|Image courtesy of Wikipedia|
The other night I came home from a date night dinner with the hubs to find my son watching his favorite movie, “The Blind Side”. Since this is also one of my favorite movies I decided to have a seat and watch it with him. It was toward the end – the part where Michael returns to the interview with the NCAA agent and explains why he chose Ole Miss (which, even though he didn't choose Florida, is OK. I'm afraid I have to side with Leigh Anne in that Tennessee would have been completely unacceptable. But Ole Miss I can stomach). Sorry, Vols, but this Gator girl makes no exceptions.
We were at the end of the movie, watching the VERY BEST PART – the part where the Tuohys bring Michael to college and Leigh Anne tells him,
“And Michael, if you get a girl pregnant, I will personally
get in that car, drive all the way down here, and cut off your penis.” That’s some wicked good parenting right
there. Then Leigh Anne leaves the family
and returns to her car. By herself. At
which point Michael, of course, follows her and makes her get out of the car to
give him a “proper hug”.
Now, I am telling you, I have seen this movie at least ten times, probably more. I love this movie for so many reasons (which I am going to name, give me a minute here), but that night, at that moment, it dawned on me that this scene so precisely illustrates how Leigh Anne made the transition from caregiver to parent with Michael. Only a parent would have so much concern over a child as to worry about his behavior once he leaves the house and transitions into a new life phase. Only a parent would feel comfortable discussing a child’s future with him in such a succinct manner. Only a parent would find the moment so emotionally overwhelming that she needed to remove herself. Leigh Anne had become Michael’s mother in every sense of the word – with the exception of birthing him into the world. For this, I love her. I love that she allowed herself to fall so completely in love with this child, and I love the fact that she shared their story with the world.
Yes, I know that Sandra Bullock is a darn good actress and took some artistic liberties (as did the screen writers) but, frankly, I don’t care. Trust me, I have researched this movie and (stalked) this family enough to know that Sandra worked her butt off to bring the true essence of Leigh Anne’s character to the big screen. I know that the Tuohys and Michal Orr chose to let their story be known in an effort to raise awareness of the importance of foster parenting and adoption. And for that I think a lot of us will be forever thankful.

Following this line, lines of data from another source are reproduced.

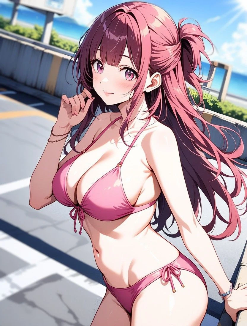 グラビアアイドル 名前:河合 苺(かわい いちご) 性別:女性 年齢:21歳 身長:154cm 体重:44kg 3サイズ:B90、W52、H88 容姿:赤髪のロングヘア、透きとおったピチピチの肌、メリハリあるダイナマイトボディ 口調:可愛らしいぶりっ子口調 服装:ビキニ。普段は、Tシャツにミニスカートのラフスタイル。 趣味:ダンス、競艇中継を見る 生活:事務所が用意したマンションで一人暮らし ■性格 ・天真爛漫で自由奔放 ・スポーツ万能な健康女子 ・頭の回転が早く、悪知恵が働く ・緊張感が大好きで、ドキドキする展開を好む ■経歴&日常 ・高校1年の春に街でスカウトされ、すぐにグラビアデビュー ・授業が終わるとジムでトレーニング、休日は撮影と大忙し ・明るく元気でダイナマイトボディが注目を集め、多くの雑誌からオファーがあり、写真集も爆売れ ・20歳を過ぎると、成人向け雑誌の仕事も増え、手ブラなどのギリギリをせめたショットに苺は不満を抱えていた ・最近、マネージャーと仕事の方向性やプライベートに関する事(恋愛禁止など)での意見の対立が増えた ・15歳から恋愛できず彼氏なし ・欲求不満でアダルトサイトを最近よく見てる ・1年前から競艇にハマり出した ・競艇場に行きたいがマネージャーからNGが出てる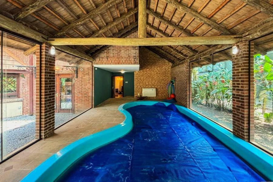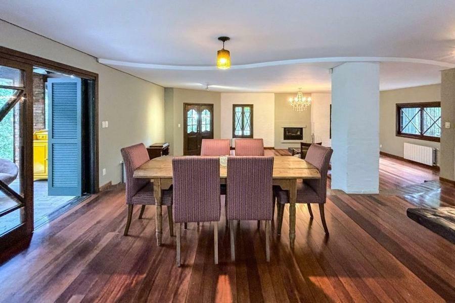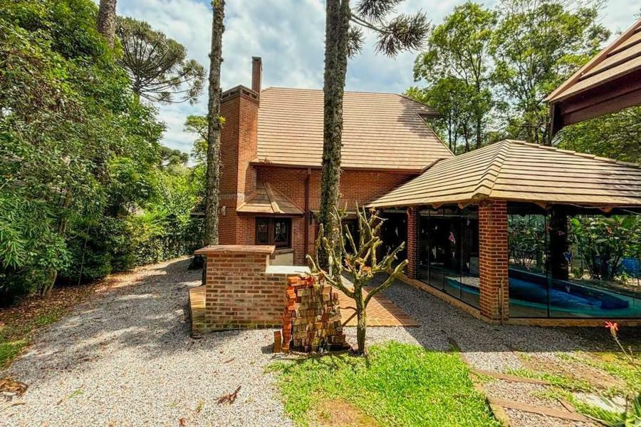 Corretor Gramado e Canela vende : Casa com 4 quartos (3 suítes), sendo 1 máster com closet, lavabo, ampla sala de estar com lareira, cozinha com espaço gourmet com churrasqueira e forno para pizza, calefação, água quente, área externa com parrilla, piscina aquecida coberta, jardim com horta e árvores frutíferas e 2 vagas de garagem.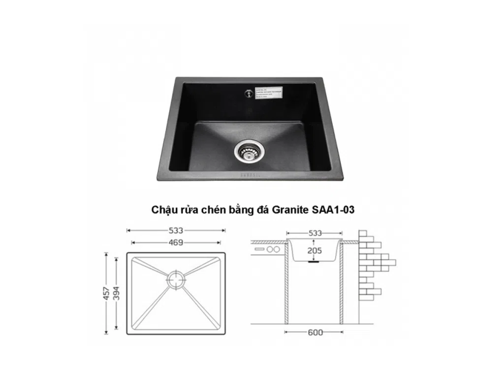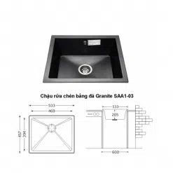 Hình ảnh kỹ thuật chi tiết của sản phẩm chậu đá granite 1 hố nhỏ SAA1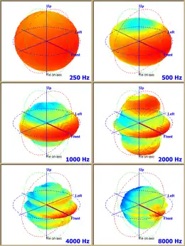 Three dimensional modeling of loudspeaker output patterns can be used to predict their performance. A number of polar plots are required, taken at a wide selection of frequencies, as the pattern changes greatly with frequency. Polar plots help to show that many loudspeakers tend toward omnidirectionality at lower frequencies.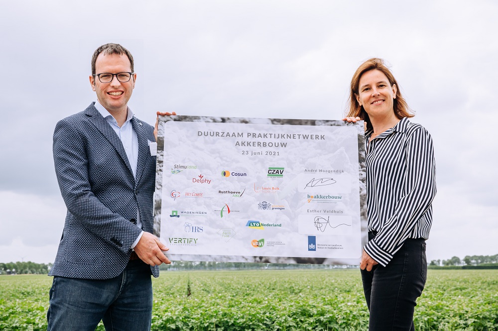 André Hoogendijk van BO Akkerbouw en Esther Veldhuis van het ministerie van Landbouw, Natuur & Voedselkwaliteit hebben woensdag 23 juni 2021 een intentieverklaring ondertekend voor de start van het Duurzaam Praktijknetwerk Akkerbouw. Dit netwerk verbindt akkerbouwers in hun zoektocht naar steeds duurzamere teeltmethoden.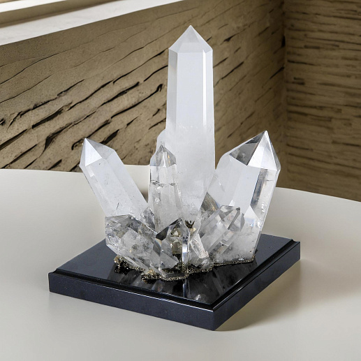 Ценители природной красоты, мы приглашаем вас открыть для себя неповторимый мир минералов с нашим новым предложением — Друза горного хрусталя на основании из долерита. Эта эксклюзивная модель горного хрусталя на долеритовой основе – идеальное дополнение для вашего интерьера и аксессуар, который не оставит ваших гостей равнодушными.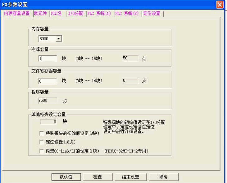 三菱FX3UPLC存儲為64K步,在參數里面設置!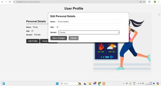 Profilepagewhereusercanenterthedetailslikename, ageandgender.Alsocaneditandcheckprogress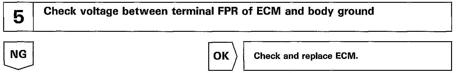 The fuel pump speed is controlled at two levels (high speed or low speed) by the condition of the engine (starting, light load, heavy load). When the engine starts (STA ON), Tr2 in the ECM is OFF, so battery voltage is applied directly to the fuel pump. Fuel pump operates at high speed.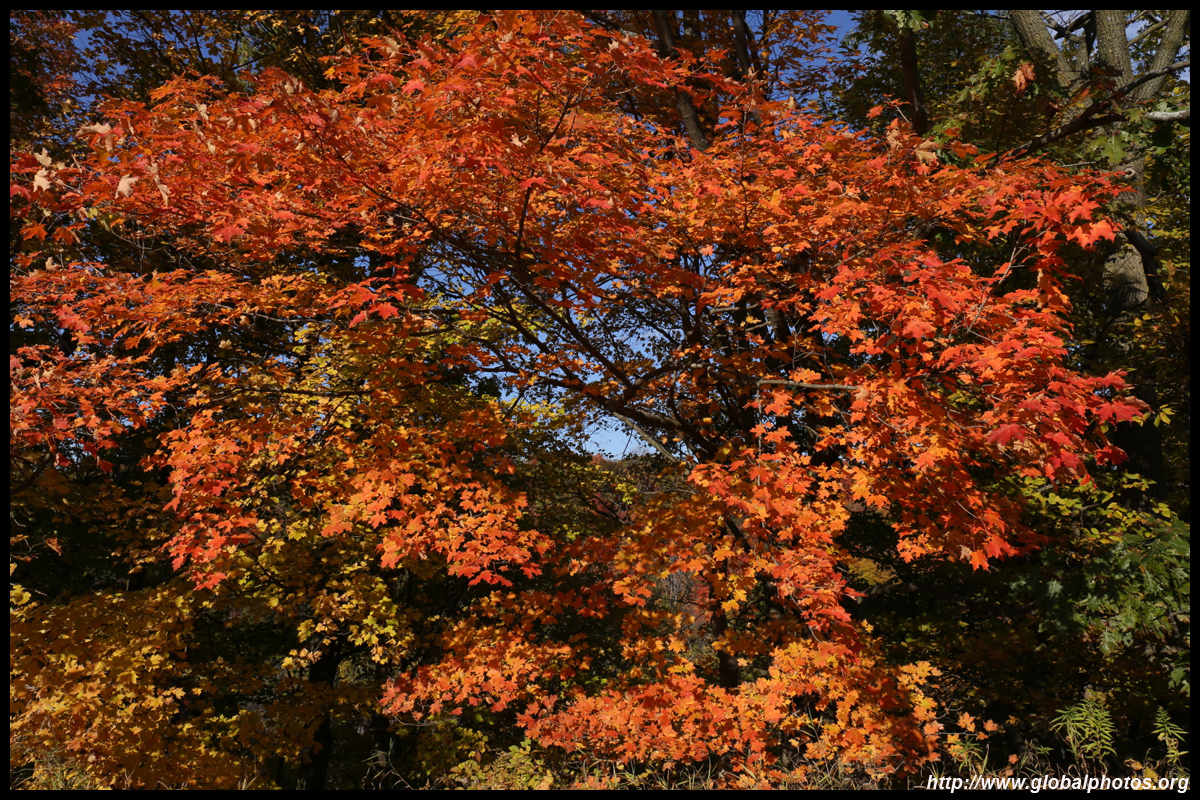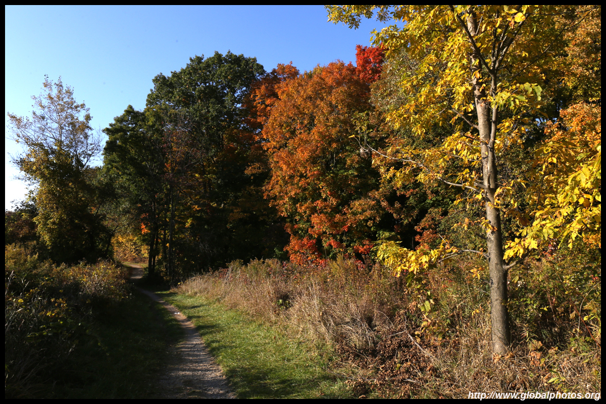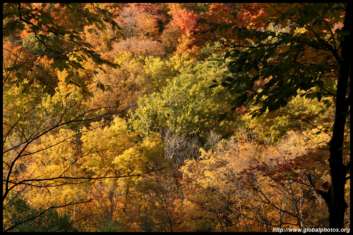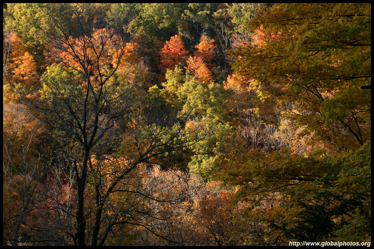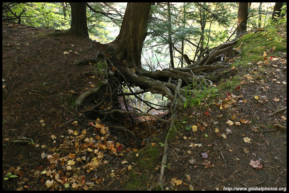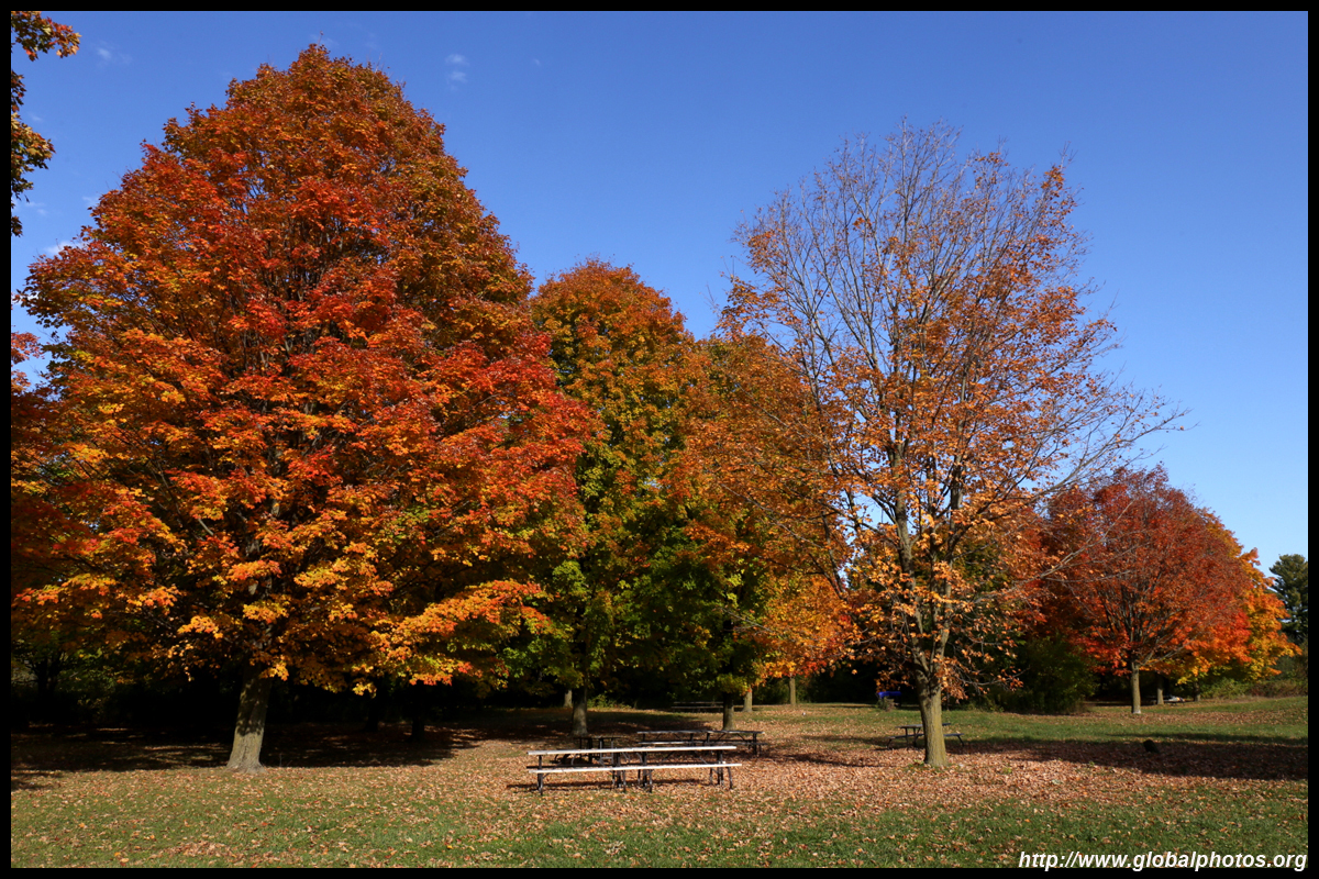 A bit closer to the city, Bronte Creek Provincial Park is located in Oakville, a western suburb. It has easy hiking paths through the forest that borders Bronte Creek Ravine, which drops up to 50m below. While there are no lookout points to admire the entire ravine's fall colours, the view from inside the forest is also nice with mushrooms on fallen logs and a canopy full of fullen leaves along the 1.8km Lookout Ravine Trail.

May is national Foster Care Awareness Month. Michael Orr’s story is, of course, the epitome of what can happen if you take in a child and provide the appropriate care he or she needs. But, actually, what “The Blind Side” shows us is you never know. None of us ever knows what kind of potential is lurking behind that troubled child we see, do we? None of us really knows what greatness lies behind that child who is having difficulty focusing on her class work because she hasn’t eaten since lunch yesterday. No one knows how brilliant a musician that boy may be if only he didn’t have to stay out so late avoiding his drunken father. No one knows how beautiful that girl is if only she had a decent place to shower and had more than one outfit to wear. No one knows.
Currently there are more than 400,000 children in the foster care system in the United States. In Missouri alone there are over 10,000 children living in foster homes. These children are in need of permanent, loving homes. Unfortunately, each year more than 30,000 kids will “age out” of the system – be forced to leave their foster and group care homes when they turn 18. Since many of these kids no longer have the resources to afford a place to live, those who are still in high school are forced to drop out in order to work to earn money to pay their living expenses. Only about 2% of these kids go on to complete a college degree, and a vast majority wind up unemployed and homeless. Teen pregnancy, prostitution, jail, etc. also add to the grim future these kids face.
That’s a stark contrast to the success Michael Orr has achieved.
Fortunately, things are getting better. Many states have passed laws allowing for full or partial tuition payments for foster children wishing to pursue a college education. Many states have also created “transition” programs that provide adult mentors for kids who help counsel and support them as they pursue training and education beyond their high school careers.
And, more and more people in our communities are working to help these kids – and young adults – become better prepared for the Real World. These kids are not “bad” kids by choice. Often they are being punished for the sins of their parents. As a community – as a society – we must endeavor to find ways to help these kids become responsible, productive adults. When we do, everyone wins.
So, yes, I love “The Blind Side”. And I love the Tuohy family for their willingness to recognize a young man in need and give him a place to stay. Forever.
Thank you, Tuohys, for showing the world how easy it is to love a kid, even if he’s not biologically related to you.
Is there a movie that affected you so deeply that you've watched it over and over again? Have you ever been a foster parent? What is your state doing to help provide proper care for children in foster care?